Weapons Carriage in the Second World War

Throughout history, new military technologies have often outpaced tactics. From the mid 1800s, infantry massed together for command and control purposes became increasingly exposed to accurate and concentrated firepower from new weapons such as muskets with rifled barrels and machine guns. By the Second World War tactics had evolved to defeat these technologies. Tactical command was decentralized and soldiers dispersed into small groups.

Infantrymen in the Second World War, primarily armed with bolt action rifles, were generally not trained to shoot on the move at long ranges. At shorter ranges firing was generally from the hip. Very late in the war British infantry manuals outlined a method for firing the rifle form the shoulder on the move, but there is no photographic evidence of it being done. When fired on, soldiers found cover and returned aimed fire. This was accomplished by securing the rifle stock in the shoulder and bringing the sights level with the eyes (as shown at right). It was not practical to move from place to place with the rifle in this position, and thus soldiers had to find a balance between mobility and bringing the weapon to bear quickly.

The introduction of semi-automatic rifles during the war brought about changes in tactics, including the ability to return fire immediately upon taking enemy fire, but British, Canadian and other Commonwealth troops did not receive "self-loading" or semi-automatic weapons until after 1945.

The Modern Weapons Carry

Today's infantry, armed with assault rifles, maximize their increased firepower by using “ready” positions in which the weapon can be quickly transitioned from movement to aimed fire. Canadian individual battle drills with the FN C1A1 (the semi-automatic rifle that equipped the Army from the late 1950s to the late 1980s) actually called for the soldier to fire two rounds from the hip as the first reaction to enemy contact. In other words, unlike in the Second World War, they were expected to shoot on the move.

In “low-ready” position the butt of the rifle is in the shoulder, both hands are in a firing position, and the muzzle of the rifle is pointed down. At right, Canadians carry the C7A2 rifle on "patrol slings" which enable the weapon to be held in the low ready position.

In a “high-ready” position the weapon is still under the arm and both hands grasp the weapon under control, but the muzzle is pointed up.

Both styles of carry permit the rifle to be quickly brought level with the eyes so the weapon can be aimed and fired, or fired instinctively without aiming if the situation demands it.
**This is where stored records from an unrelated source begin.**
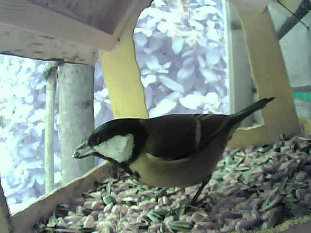 Schon im Dezember 2014 hatten wir die Kohlmeisen in unserem Futterhaus zu Besuch. Hier ein paar Fotos in Farbe, denn bei Tageslicht werden Farbfotos von unserer Beobachtungskamera erstellt.
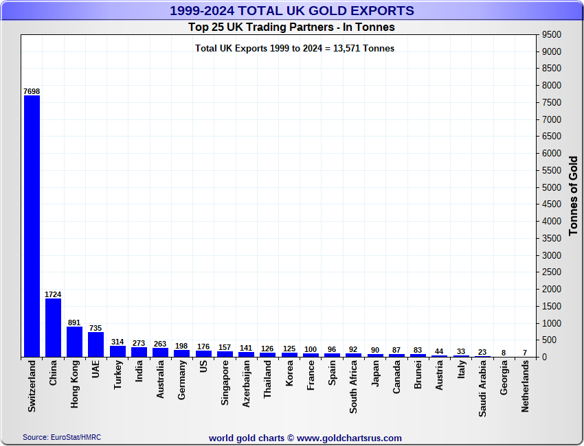 Tonnages are derived from GBP values divided by the GBP gold price. Source: UK Trade |
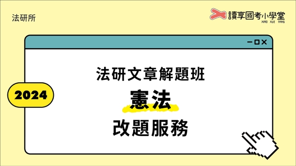 若您為2024年法研文章解題班課程學員,欲事後加購改題服務者,請優先聯繫您的購買通路或是客服協助加購,並且一併協助您確認是否仍有改題名額,以確保您的權益。
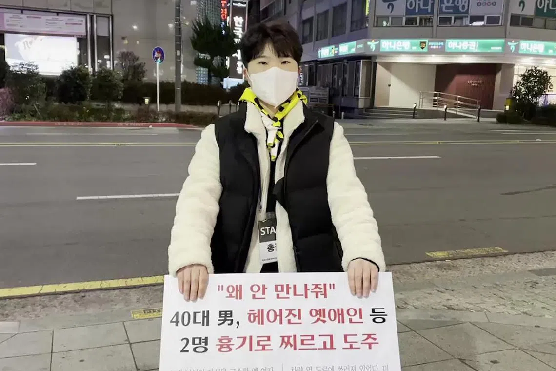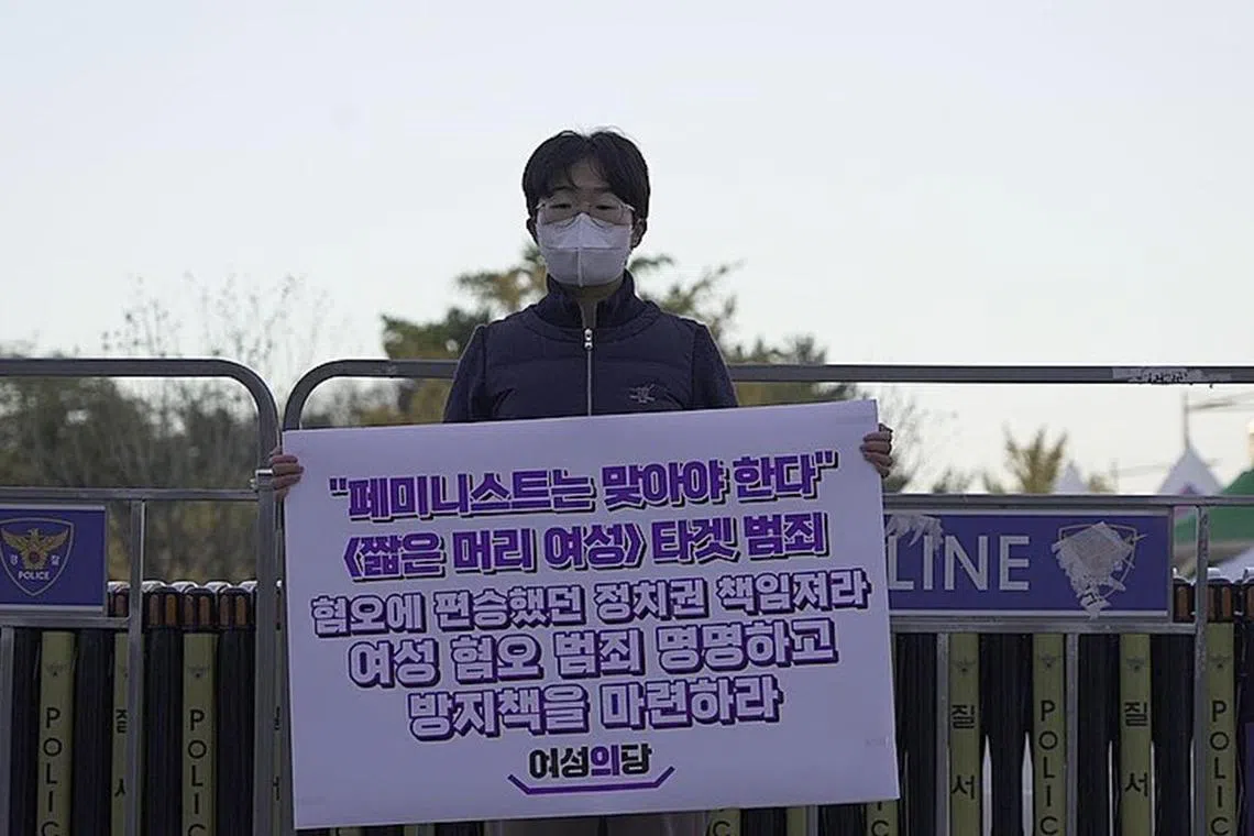 Ms Kim Ju-hee of feminist group Team Haeil did a one-person protest at the National Assembly on Nov 7 after the attack on a convenience store clerk.
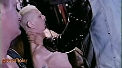 Harry Ros, a topman, enters the bar and begins to terrorize a wimpy-looking guy, Paul V. Rooy. Ros slaps him in the face and then chains him up with a long set of links, adding extra clamps for his tits.
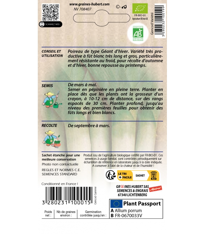 Informations complémentaires sur le Poireau Hannibal BIO :
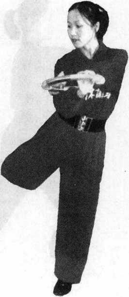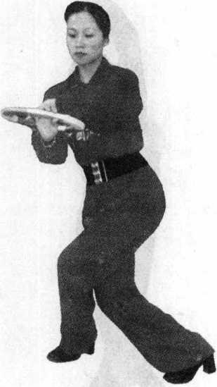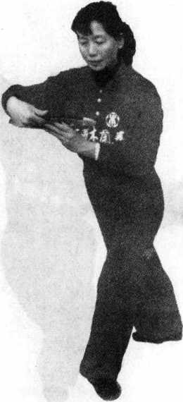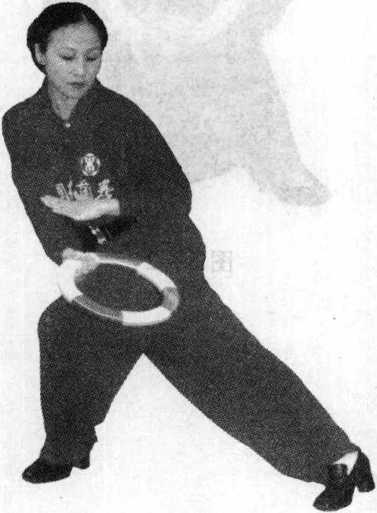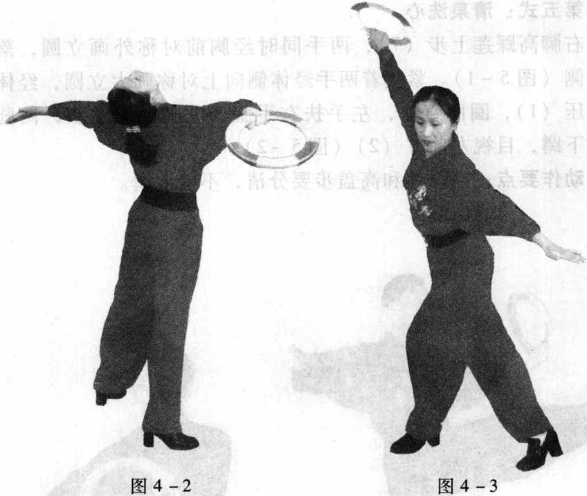 左脚后退(4),右手握 圈,经左向前绞圈,掌心翻 朝上,左手同时经右向后绞 圈,掌心亦翻朝上,右上左 下(图3 - l)o右脚后退
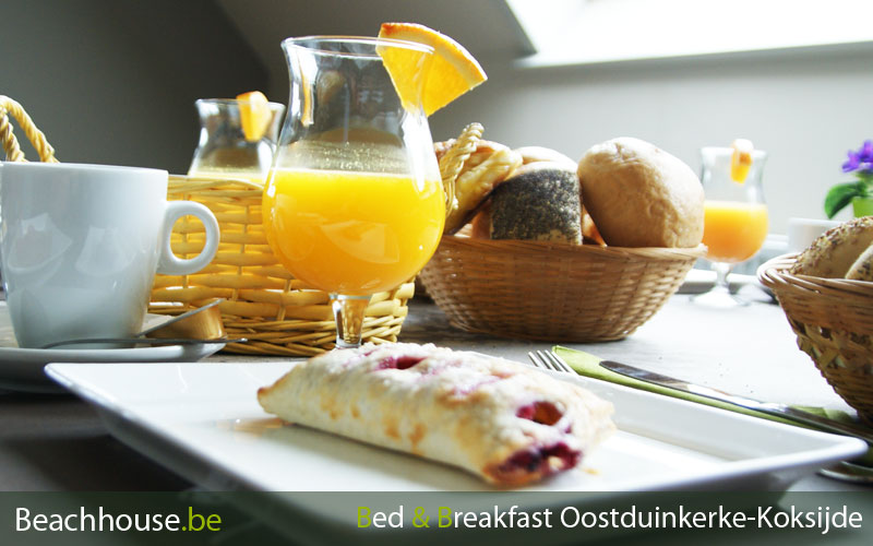 Het ontbijt in beachhouse is elke dag anders en wordt steeds aan de kamer geserveerd.
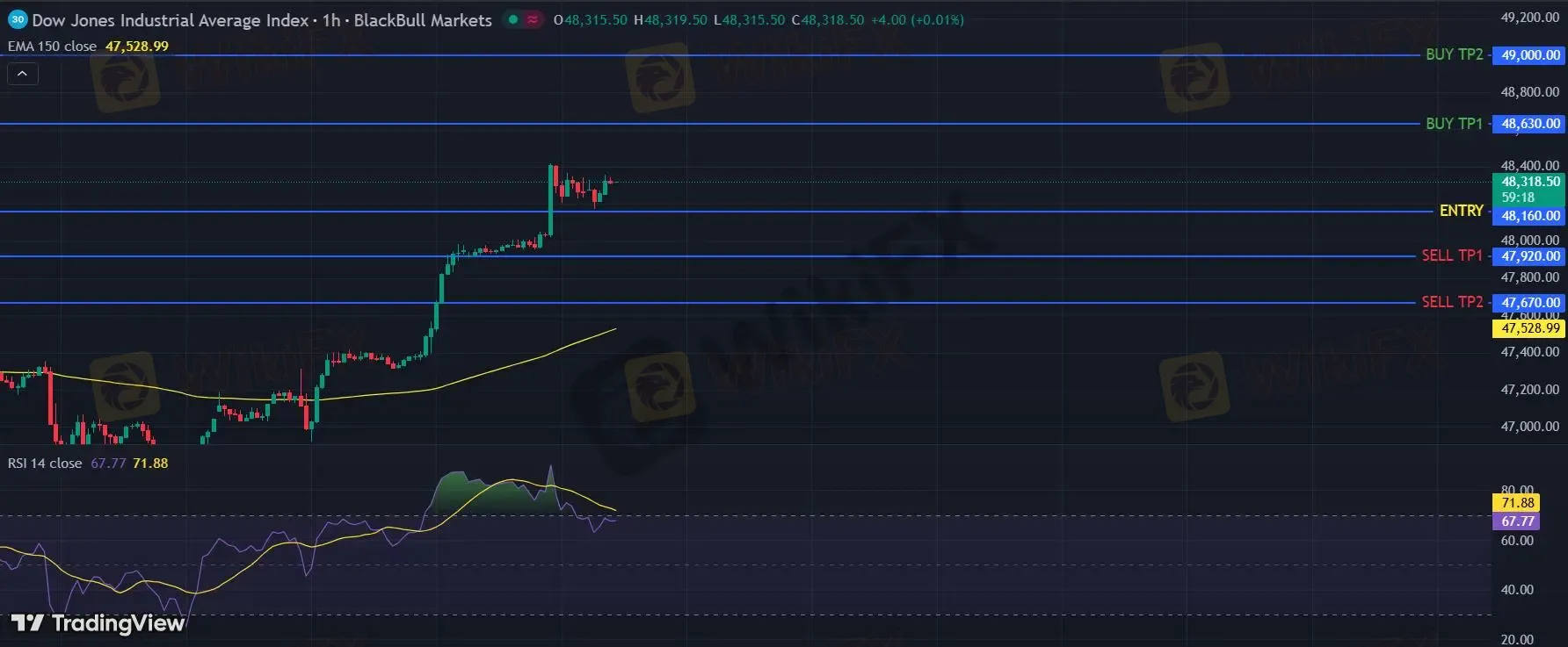 在 48160 之上,看涨,目标价位为 48630 ,然后为 49000 。
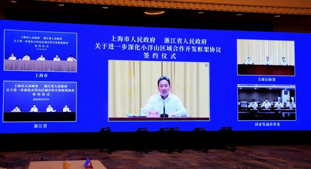 6月15日下午,上海市政府與浙江省政府以視頻連線方式正式簽署進一步深化小洋山區(qū)域合作開發(fā)框架協議。上海市委書記李強、浙江省委書記袁家軍和交通運輸部部長李小鵬、國家發(fā)展改革委副主任胡祖才出席簽約活動并講話。上海市委副書記、市長龔正,浙江省委副書記、省長王浩共同簽署協議。

Images of ready carry are so common today that when film-makers or artists depict Second World War soldiers doing the same thing, mainstream audiences might not even notice.

For discerning audiences, though, it can be jarring, and the inappropriate use of modern "tactical" weapons carry has crept into Second World War reenactment as well.

So how did soldiers in the Second World War actually carry their weapons in action, then?

One of the best discussions of how soldiers in World War II actually carried their weapons weapons is on the webpage of the 90th Infantry Division Preservation Group. The excellent work of Charles McFarlane and Mike Ellis is highly recommended and can be found here. British, Canadian and German sources also reinforce the conclusions of the 90th.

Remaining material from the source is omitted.